■ WHAT IS BEING ASKED
Of the entries below, repeat exactly only those lines from the one containing "YUV 131.884,-61.568,-39.363 Color" through the last line, with pictures omitted.

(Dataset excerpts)
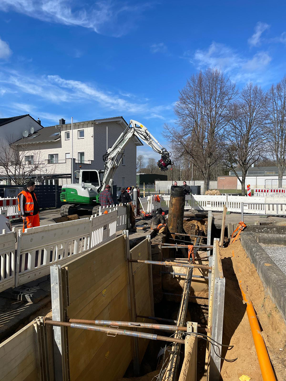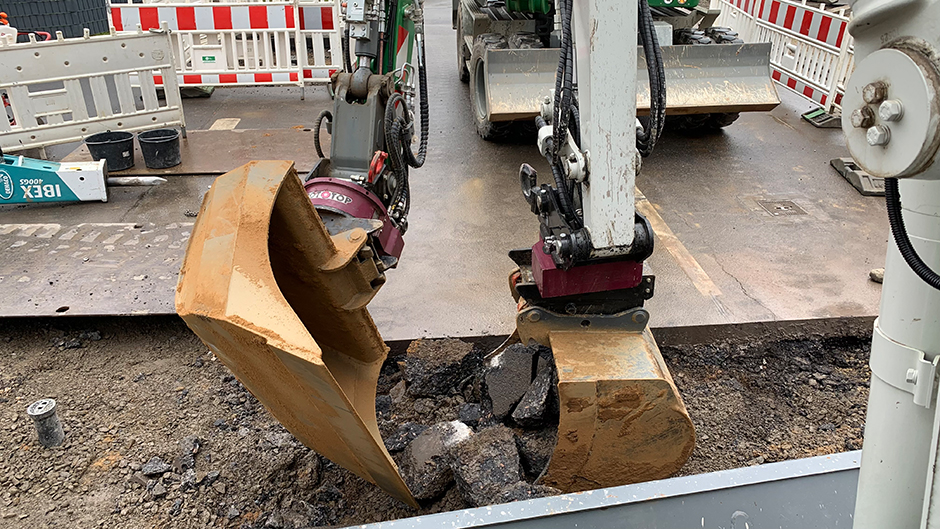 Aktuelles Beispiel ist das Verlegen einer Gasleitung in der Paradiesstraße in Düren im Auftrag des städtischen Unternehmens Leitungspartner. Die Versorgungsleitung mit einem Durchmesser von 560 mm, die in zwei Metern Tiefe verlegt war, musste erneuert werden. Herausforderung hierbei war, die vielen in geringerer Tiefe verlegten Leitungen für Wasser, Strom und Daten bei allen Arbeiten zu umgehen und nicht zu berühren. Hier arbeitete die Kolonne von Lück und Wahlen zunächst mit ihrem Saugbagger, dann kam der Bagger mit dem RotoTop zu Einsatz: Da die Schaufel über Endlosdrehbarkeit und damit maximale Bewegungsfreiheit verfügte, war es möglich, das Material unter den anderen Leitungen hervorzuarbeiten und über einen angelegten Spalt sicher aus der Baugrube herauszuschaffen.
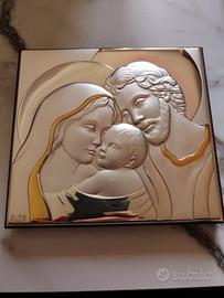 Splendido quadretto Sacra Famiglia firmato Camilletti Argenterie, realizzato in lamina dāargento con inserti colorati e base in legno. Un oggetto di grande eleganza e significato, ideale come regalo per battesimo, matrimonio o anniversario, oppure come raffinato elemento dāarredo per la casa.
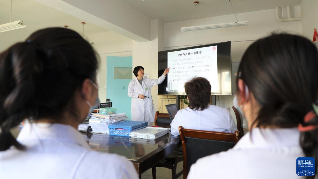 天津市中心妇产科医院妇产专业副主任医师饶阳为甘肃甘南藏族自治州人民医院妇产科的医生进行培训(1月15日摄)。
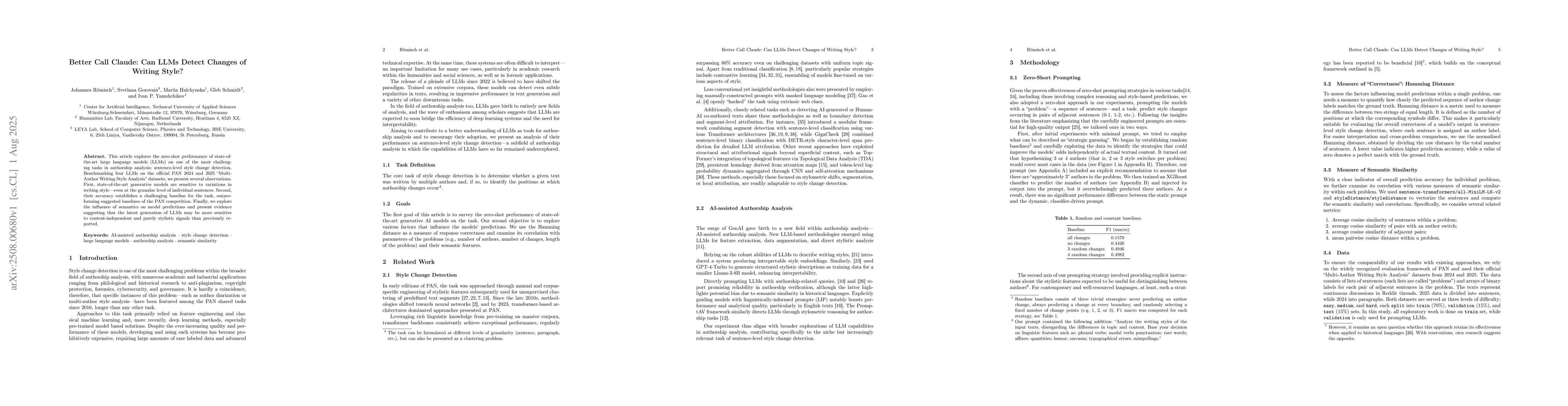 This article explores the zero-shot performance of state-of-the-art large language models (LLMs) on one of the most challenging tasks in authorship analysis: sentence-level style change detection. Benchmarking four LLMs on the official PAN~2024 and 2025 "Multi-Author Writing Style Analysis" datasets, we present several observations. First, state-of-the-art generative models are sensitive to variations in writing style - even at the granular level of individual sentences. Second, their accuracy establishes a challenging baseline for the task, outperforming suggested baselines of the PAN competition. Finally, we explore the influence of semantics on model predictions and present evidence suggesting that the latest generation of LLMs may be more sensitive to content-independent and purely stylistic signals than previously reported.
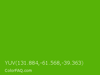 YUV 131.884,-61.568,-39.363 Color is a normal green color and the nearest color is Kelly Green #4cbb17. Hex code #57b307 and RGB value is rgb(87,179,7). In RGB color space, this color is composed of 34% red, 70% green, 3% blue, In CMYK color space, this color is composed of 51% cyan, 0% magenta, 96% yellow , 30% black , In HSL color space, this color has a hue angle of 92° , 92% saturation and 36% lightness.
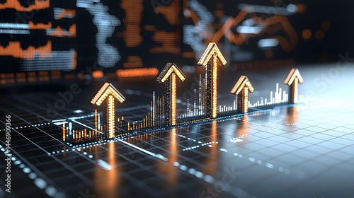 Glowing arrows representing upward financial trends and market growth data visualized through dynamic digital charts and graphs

■ WORKED SOLUTION
 YUV 131.884,-61.568,-39.363 Color is a normal green color and the nearest color is Kelly Green #4cbb17. Hex code #57b307 and RGB value is rgb(87,179,7). In RGB color space, this color is composed of 34% red, 70% green, 3% blue, In CMYK color space, this color is composed of 51% cyan, 0% magenta, 96% yellow , 30% black , In HSL color space, this color has a hue angle of 92° , 92% saturation and 36% lightness.
 Glowing arrows representing upward financial trends and market growth data visualized through dynamic digital charts and graphs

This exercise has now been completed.